What does it do to you to have been documented by someone else, to have your existence noticed which you thought had besmirched the earth? Does a novel based on what you thought was your worthless life end up inspiring you? Does that fiction also chart a path for you, in addition to reflecting your path?
In Hrishikesh Mukherjee’s directed film Anupama (1966), Uma (played by Sharmila Tagore), a quiet, shrinking violet kind of person, finds herself the subject of a novel called Anupama. Such relations between Uma and Anupama’s life disrupt the chronology of fiction and life. What’s more, they occur in a film making the ‘real’ in fictional even more complicated.
This strange dialectic, where both life and fiction lend material to each other and get locked in mutual definition and modification, is the central theme of the film, in my opinion.
Chances are that the film has been remembered for the cruel treatment meted out by a father to his daughter. Mr Sharma, Uma’s father, lost his wife at childbirth and couldn’t bring himself to look at his daughter because she reminded him of his deceased wife. An eerie part of this antagonistic relation is that he does go to her room when he is drunk, even if it’s only to remember in his inebriated state that the daughter is not responsible for his woes.
But I have no intentions of dwelling on this less interesting aspect today, for it is the role of writing that has got subsumed by this story that interests me more.
Ashok (played by Dharmendra) is a poor man, but observant of Uma. He understands what she has not told him. This becomes evident to us when he sings the following song in Hemant Kumar’s haunting voice: Ya dil ki suno duniya walo, ya mujh ko abhi chup rehne do, main gham to khushi kaise keh dun…
Through this song, Ashok becomes Uma’s unspoken voice and a witness to her fate. The song is odd, its sung at a birthday party. Trust Hindi cinema to sometimes produce the most morose songs in a party, and at times, a dance when you expect understated grief!
Poetry and songs tell of a speaker’s subjectivity. However, this poetry speaks of a subjectivity that we have not seen being shared between Uma and Ashok.

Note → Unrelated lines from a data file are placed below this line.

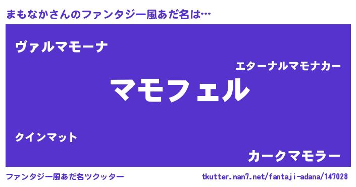 | 自動車の名前っぽいあだ名 | 『マモティマ』『マウディ』『マクア』 |
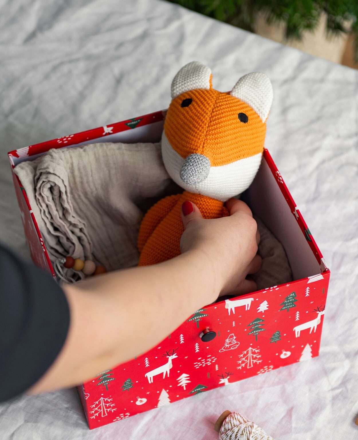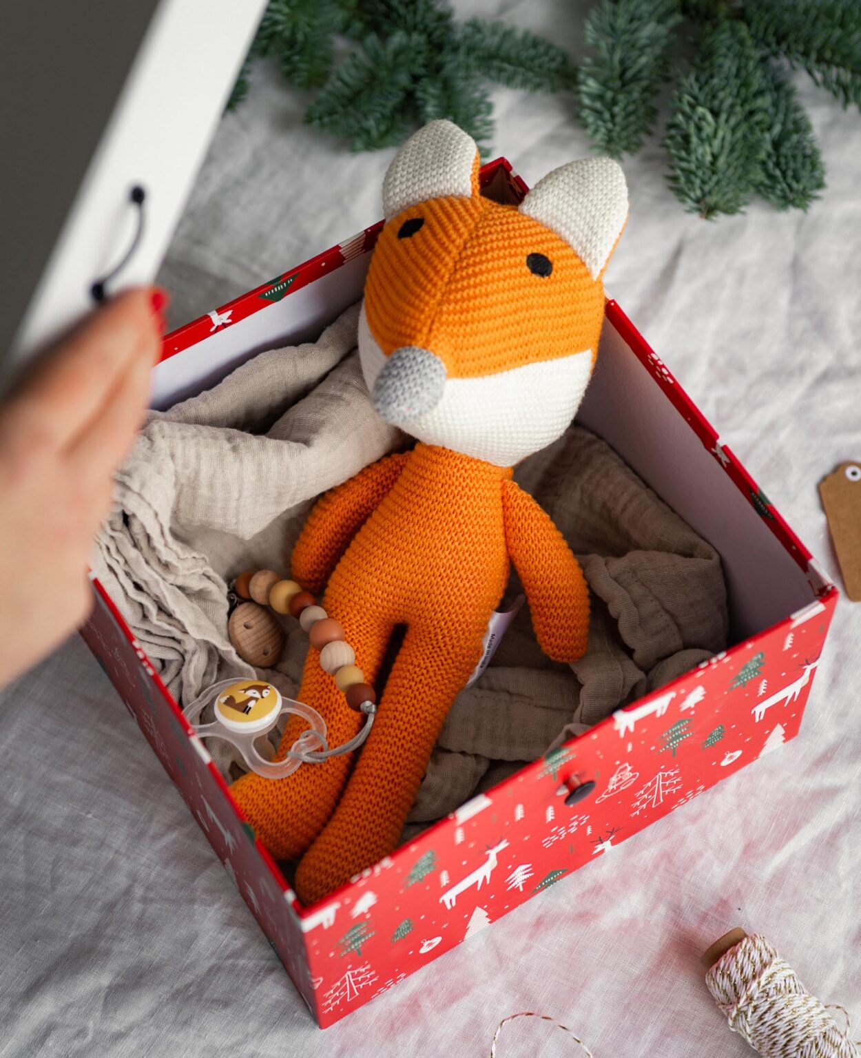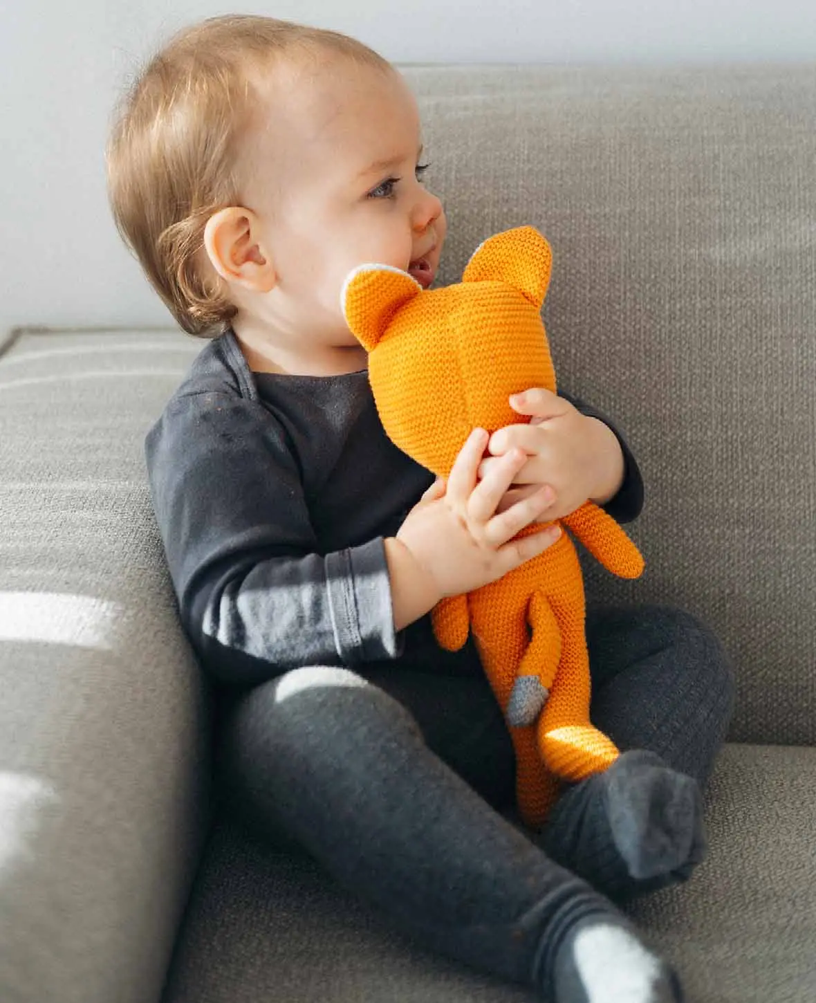 Dieser süsse Fuchs aus gestrickter Baumwolle lässt Kinderherzen höher schlagen und macht sich in jedem Kinderzimmer tierisch gut.
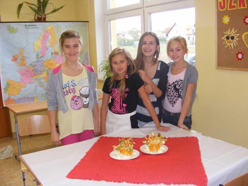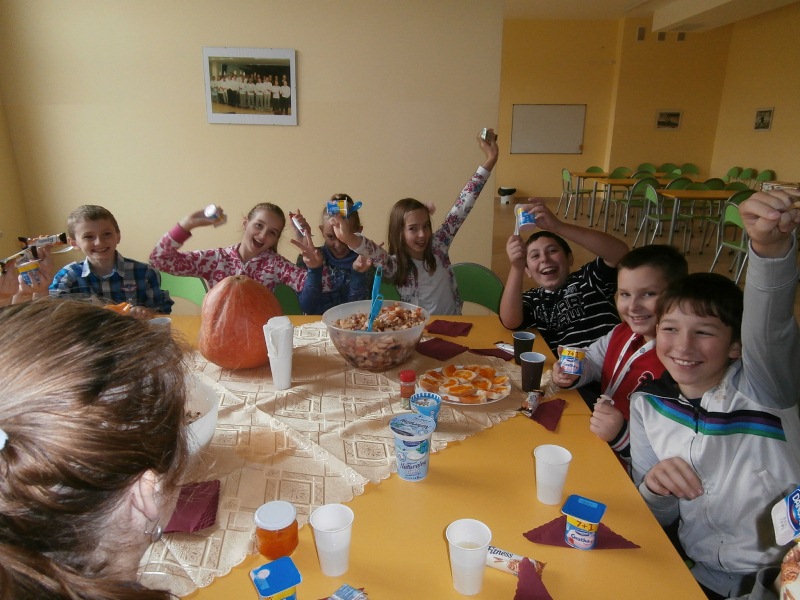 W wybranym przez klasę dniu odbyła się zabawa w kucharzy. Każda klasa otrzymała od firmy Danone 50 zł na zakup produktów, z których przygotowała „OWOCOWE LUB JARZYNOWE CUDO!” W realizację zadania włączyli się chętni rodzice uczniów, którzy doradzali dzieciom co wykonać, pomogli wybrać przepisy oraz przygotować potrawy.
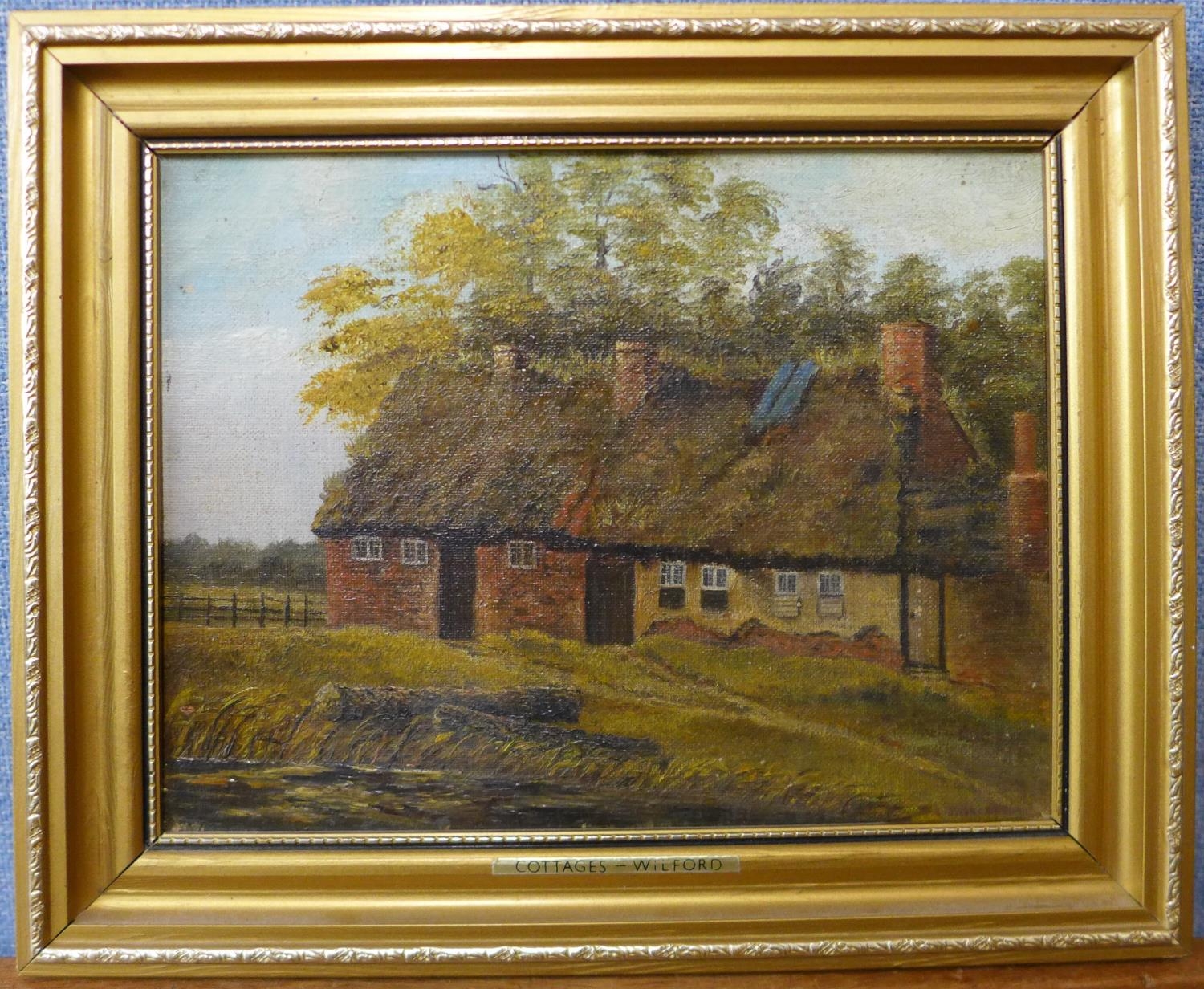 English School, Cottages - Wilford, oil on board, 17 x 22cms, framed

It communicates not Ashok’s subjectivity, but his knowledge of Uma’s subjectivity. So how does Ashok know this?
Yeh phool chaman mein kaise khila, maali kin azar mein pyaar naheen…
The awareness of untold things come to Ashok for being both a writer and lover, and this intimacy in the film is extremely gestural. Uma and Ashok never even hold hands, which is unusual compared to the fact that the previous generation (Uma’s parents) lived a throbbing life of desire in a marital relationship. Think of the oddity of a younger man singing the Hemant Kumar song Ya dil ki suno in an understated manner; while the song Dheere dheere machal ae dil e bekaraar characterises the relationship of Uma’s parents.
Meanwhile, the novel Anupama tells the story of a girl who didn’t talk, nor felt any desires, until a stranger walked into her life. When Uma is being forced to marry someone else and is held captive at home, she reads the novel and discovers Anupama’s (rather her own) next steps and walks out to claim her freedom to love. The writing has managed to witness, inspire, document and forge an intimacy that touching and speaking have not.
The film takes the turn of a classic romcom at the end where Uma rushes to the railway station to join Ashok. The lover/writer has understood her story, and all is well with the world.
While the novel’s protagonist has a hypothetical presence, the fact that a male writer has acknowledged the existence of such a woman in an independent and conservative society is enough to make the girl look for the author.
Acts of writing within the filmic narrative have seldom received our attention, but they circle back to other acts of writing the film, creating an inseparable chain of stories overheard, told and incidentally, shown.